I have reviewed the recent study by Public Policy Consulting entitled, The Impact of a Renewable Energy Portfolio Standard on Retail Rates in Colorado. It caught my eye because (1) it concludes that adopting a renewable portfolio standard would save ratepayers money (My bill's analysis had come to the exact opposite conclusion), (2) it was distributed widely that it was being used as far away as Michigan to support their efforts for a RPS and (3) the study will likely be used as a justification for the need for more wind projects by arguing wind is cheaper than natural gas alternatives.
Given our different conclusions, I decided to evaluate why our studies disagreed.
If renewables were indeed less expensive than conventional alternatives as suggested by the Public Policy Consulting Report, why mandate their purchase and set a minimum market share? Colorado does have a voluntary wind power purchase program called Windsource that Xcel ratepayers can elect to participate in. Unfortunately for wind proponents, the program found that only 0.5% of their customer load was willing to pay the program's 2.5c/kWh premium needed to recover the higher power costs. Through adoption of the renewable portfolio standard (RPS), the House Bill would effectively force the remaining 99.5% of the Xcel customer load and 100% of the Aquila Energy load with no choice but to pay for the higher cost renewable power. If bill proponents are correct about the economics, they should push the Colorado PUC to reset the Windsource program costs accordingly and check out the customer response. No new legislation would be required. Bottom line, bill proponents want a RPS because they did not like the outcome of voluntary green power purchase programs. Wind proponents realize that they are unable to compete against conventional power sources unless the utility is forced to purchase from uneconomic power sources.
The true cost of a renewable portfolio standard is highly sensitive to input assumptions on future natural gas prices, extension of the production tax credit, wind production costs (capacity factor, O&M) and the accounting for transmission upgrading cost. For example, if the expired production tax credit is not extended, the net present value of the Colorado renewable portfolio standard shifts from offering a savings ($56 million) to a net higher cost (-$1.4 million). The study assigns an 80% probability that the PTC will be extended. If the PTC is not extended, Xcel's and Aquila's Colorado ratepayers would need to make-up for the difference under HB1273.
Future natural gas prices are an important assumption since they affect production costs for 20% of the 2001 in-state Colorado generation that are the most vulnerable to being displaced by renewable power mandates. I share a similar conclusion that gas generation was on the margin most of the time. The study assigns a 50% probability that natural gas prices will be $0.50/MMBtu higher than the DOE Annual Energy Outlook 2004 to resolve a "bias" while assigning only a 20% probability to gas prices being $0.50/MMBtu lower. Overall, this works out to a weighted average price of $0.15/MMBtu higher gas price forecast.
The report concludes that additional wind power would be built to meet the target--I agree. Wind production costs in the Colorado study were based upon wind projects being located in class 4 wind resource areas and achieving a 35% capacity factor in 2003 and increasing to 40% by 2023.

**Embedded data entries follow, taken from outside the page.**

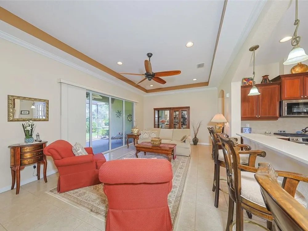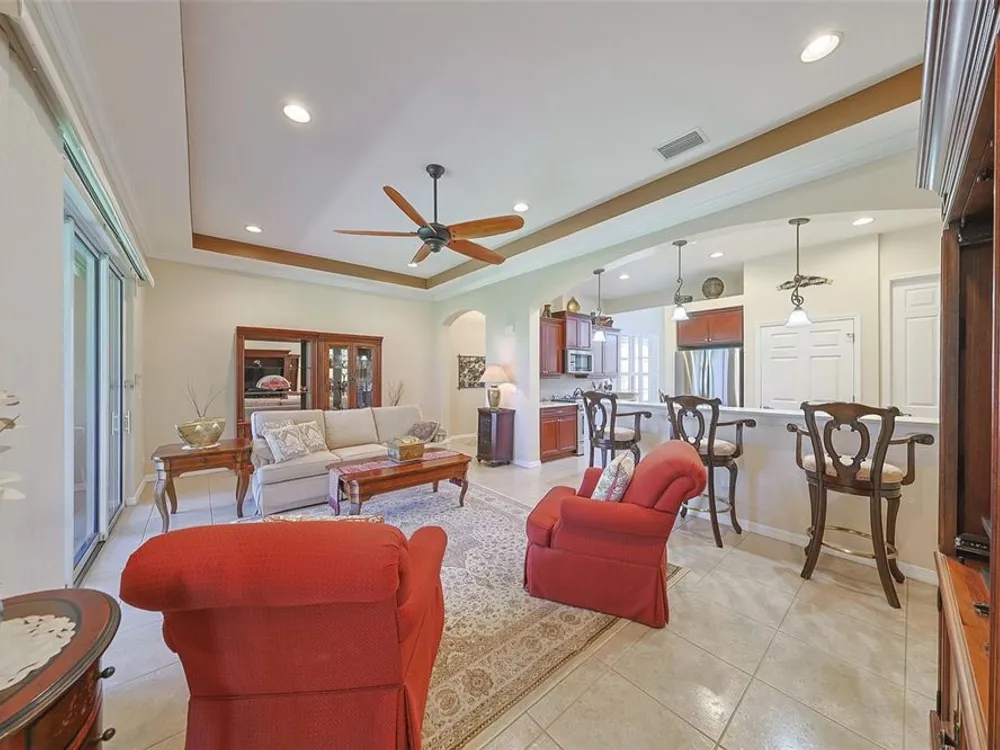 2112 Sifield Greens Way – Maplewood Community, Kings Point Welcome to this beautifully updated home in the desirable Maplewood community of Kings Point. With 1,456 sq. ft. of living space, this thoughtfully designed condo offers 2 bedrooms, 2 bathrooms, and an inviting open layout that’s perfect for both relaxing and entertaining. Step inside to find plantation shutters throughout, creating a bright, elegant atmosphere. The spacious great room flows effortlessly into the kitchen and dinette area, making it ideal for gatherings. The kitchen is a true highlight, featuring rich wood cabinetry, stainless steel appliances, a gas range, microwave, dishwasher, large pantry, and a convenient breakfast bar. The primary suite is a peaceful retreat with two walk-in closets, dual vanities, and a walk-in shower. The guest bedroom and bath are privately located for added comfort when friends and family visit. Enjoy the ease of no carpet throughout and a new roof installed in 2023, giving peace of mind for years to come. One of the best features of this home is the extended screened lanai, offering a tranquil space to unwind or entertain outdoors. A brick patio adds extra charm, perfect for enjoying Florida’s warm breezes in a private setting. Located in Kings Point’s gated, 55+ Maplewood community, residents enjoy maintenance-free living and access to resort-style amenities just a golf cart ride away — including pools, fitness centers, clubs, and more. Tastefully decorated and move-in ready, this home is waiting for you to start your next chapter in comfort and style. Schedule your private tour today!
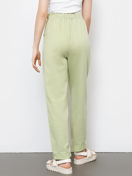 Брала зелёные, про ткань скажу, что очень хорошая (плотная), штаны отличные, удобные, с завышенной талией кому не совсем нравится вопрос решаемый, карманы глубокие, фасон брюк стройнит. Я очень довольно, своих денег стоит.
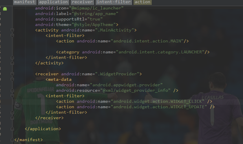 第二个action作为小部件的标识必须存在,这是系统的规范。
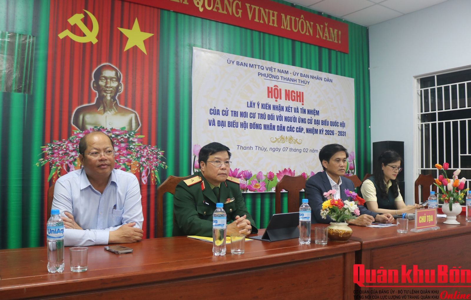 Tại hội nghị, đại diện Ban Thường trực Ủy ban MTTQ Việt Nam phường Thanh Thủy đã quán triệt mục đích, yêu cầu của hội nghị và các tiêu chuẩn đối với đại biểu Quốc hội theo quy định của Luật Bầu cử. Tiếp đó, hội nghị đã nghe tóm tắt tiểu sử, quá trình công tác của Thiếu tướng Ngô Nam Cường, đồng chí Phó Tư lệnh Quân khu được Ban Thường vụ Quân ủy Trung ương, Bộ Quốc phòng và Đảng ủy, Bộ Tư lệnh Quân khu 4 giới thiệu ứng cử ĐBQH khóa XVI.
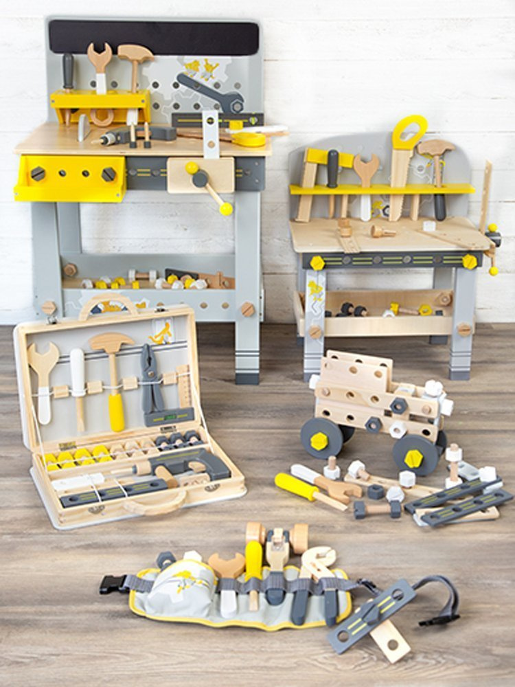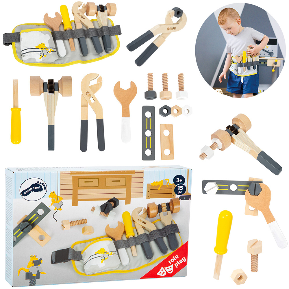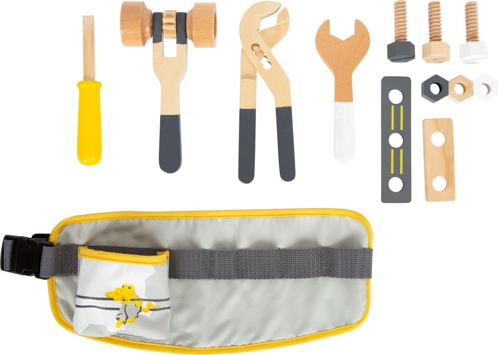 Pasek jako praktyczny uchwyt na narzędzia! Dzięki temu regulowanemu paskowi na narzędzia w klasycznych kolorach warsztatu, mini-rzemieślnicy mają wolne ręce, a ich sprzęt jest zawsze pod ręką! Z realistycznie wyglądającymi narzędziami i akcesoriami, takimi jak śrubokręty, klucze i perforacje wykonane z drewna. Absolutnymi atrakcjami są klucz do rur i grzechotka! W regulowanym pasku narzędziowym kompletne wyposażenie narzędziowe znajduje swoje miejsce i dzięki temu jest zawsze pod ręką!
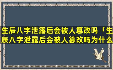 從理論上來說,生,辰八字一旦泄露 🦊 就有可能被人修改或篡改。
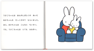 ちいさなうさこちゃんは、おおきなうさこちゃんになって、そう、すてきなお姉ちゃんになったんです。生まれてきた赤ちゃんが、弟だったのか、妹だったのか?それはみなさんのご想像におまかせしたいと思います。
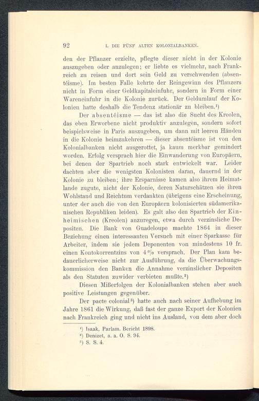 Der absentöisme — das ist also die Sucht des Kreolen,das eben Erworbene nicht produktiv anzulegen, sondern sofortbeispielsweise in Paris auszugeben, um dann mit leeren Händenin die Kolonie heimzukehren — dieser absenteisme ist von denKolonialbanken nicht ausgerottet, ja kaum merkbar gemindertworden. Erfolg versprach hier die Einwanderung vou Europäern,bei denen der Spartrieb noch stark entwickelt war. Leiderdachten aber die wenigsten Kolonisten daran, dauernd in derKolonie zu bleiben; ihre Ersparnisse kamen also ihrem Heimat-lande zugute, nicht der Kolonie, deren Naturschätzen sie ihrenWohlstand und Reichtum verdankten (übrigens eine Erscheinung,unter der auch die von den Europäern kolonisierten südamerika-nischen Republiken leiden). Es galt also den Spartrieb der Ein-heimischen (Kreolen) anzuregen, etwa durch verzinsliche De-positen. Die Bank von Guadeloupe machte 1S64 in dieserBeziehung einen interessanten Versuch mit einer Sparkasse fürArbeiter, indem sie jedem Deponenten von mindestens 10 fr.einen Kontokorrentzins von 4 °/o versprach. Der Plan kam be-dauerlicherweise nicht zur Ausführung, da die Überwachungs-kommission den Banken die Annahme verzinslicher Depositenals den Statuten zuwider verbieten mußte. 2 )

•These areas in Colorado are mostly limited to areas in the Southeastern and Northeastern corners of the state making transmission upgrades and losses an important issue. At spacing of 1 turbine per 40 acres, a total of 75 square miles of land area would be required to meet the 1,800 MW 2020 renewable capacity target.
•The 35% wind capacity factor assumption is well above the current average capacity factor for the 2 existing Colorado wind farms (25.9%). If actual capacity factors are used in the calculation, wind production costs would initially be roughly 35% higher and could increase to 50% higher if technology improvements are unable to reach the DOE technology target performance. To achieve higher performance factors, developers may pursue projects at some mountain peaks where wind conditions are better but where siting problems and opposition maybe greater.
•The Colorado study also assumes that wind capital costs will decline by over 35% from today's level to reach $750/kW by 2023 with advances in wind turbine technology. If technology costs do not decline as assumed, wind production costs would remain at existing high non-competitive cost levels and the cost of adopting the RPS would be higher.
The study is correct on some findings--less water would be required and lower CO2 emissions. However, my estimates would be less than shown in the report given its use if an overly-optimistic high wind generation capacity factor assumption.
As you are well aware, a study is only as good as the input assumptions made. Its conclusions are not necessarily transferable to other states. I have little doubt that wind proponents will push hard in areas that gas is on the margin and wind resources are good.